Data Analytics 101 Series — The ‘Prepare’ Phase

Adith Narasimhan Kumar
Analytics Vidhya
Published in
3 min readApr 12, 2023

--

In continuation of my previous article, this one will cover the Prepare phase of the data analytics process. This is the second phase of the 6-phase process of any data analytics project.

After defining a problem and a problem statement of a business case, the next step is to prepare the data for analysis. The preparation phase is nothing but the collection of data that we’ll be analyzing. This step is vital as it decides the size, shape, and type of the data for the subsequent steps.

graphs showing the data analysis process. This includes the prepare phase as well
Photo by Luke Chesser on Unsplash

Types of data

There are 2 ways to classify the data that we collect based on the location of the data:

  1. Internal Data
  2. External Data

1. Internal Data

Internal data is the data that resides within the organization that you work for.

2. External Data

External data is the data that resides outside the organization that you work for.

The other way data is classified is based on the ownership of the data. Let me explain!

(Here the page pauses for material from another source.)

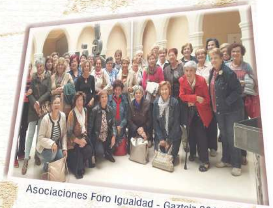
Asociaciones Foro Igualdad - Gazteiz 2014

Data is classified into 3 categories based on its ownership. The categories are:

  1. First-Party Data
  2. Second-Party Data
  3. Third-Party Data

1. First-Party Data

Any data that is collected by the individual is called first-party data. This type of data collection involves conducting surveys, filling up forms, etc. The major advantage of this type of data collection is that the requirement can be tailored to the need of the problem statement we are trying to solve.

Also, the relevancy of the data to the problem statement is higher. This reduces the amount of work spent perfecting the data for analysis.

Examples of first-party data include data from CRM, customer feedback, and survey data.

2. Second-Party Data

Second-party data is the data collected and sold by another party. This party may be a business partner or an outsourced vendor. Second-party data may not be as relevant as first-party data since there is no connection from the vendor to your problem statement but is not the worst as well.

It is a faster way to collect data but a little riskier as you pay money for it and the data might not be completely useful.

Examples of second-party data include data purchased from external vendors or partners

3. Third-Party Data

Third-party data is data that is collected from external sources. These sources include but are not limited to, the ones from first-party and second-party categories. These can include surveys, feedback forms, data purchased from external parties, etc. Data from these sources are often stitched together to arrive at a final dataset.

A disadvantage of third-party data is that the boundary of the data might not be concrete and might be random. This causes the inclusion of outliers in the data which subsequently leads to the increased time spent in the process phase.

Conclusion

To conclude, there are various methods of gathering data for your analysis. There is no one size fits all situation here. The scale, urgency, cost, and various other factors influence the data collection process. All things considered, one thing to keep in mind is that the quality of data determines the quality of the insight you derive from that data.

Happy Learning!

--

--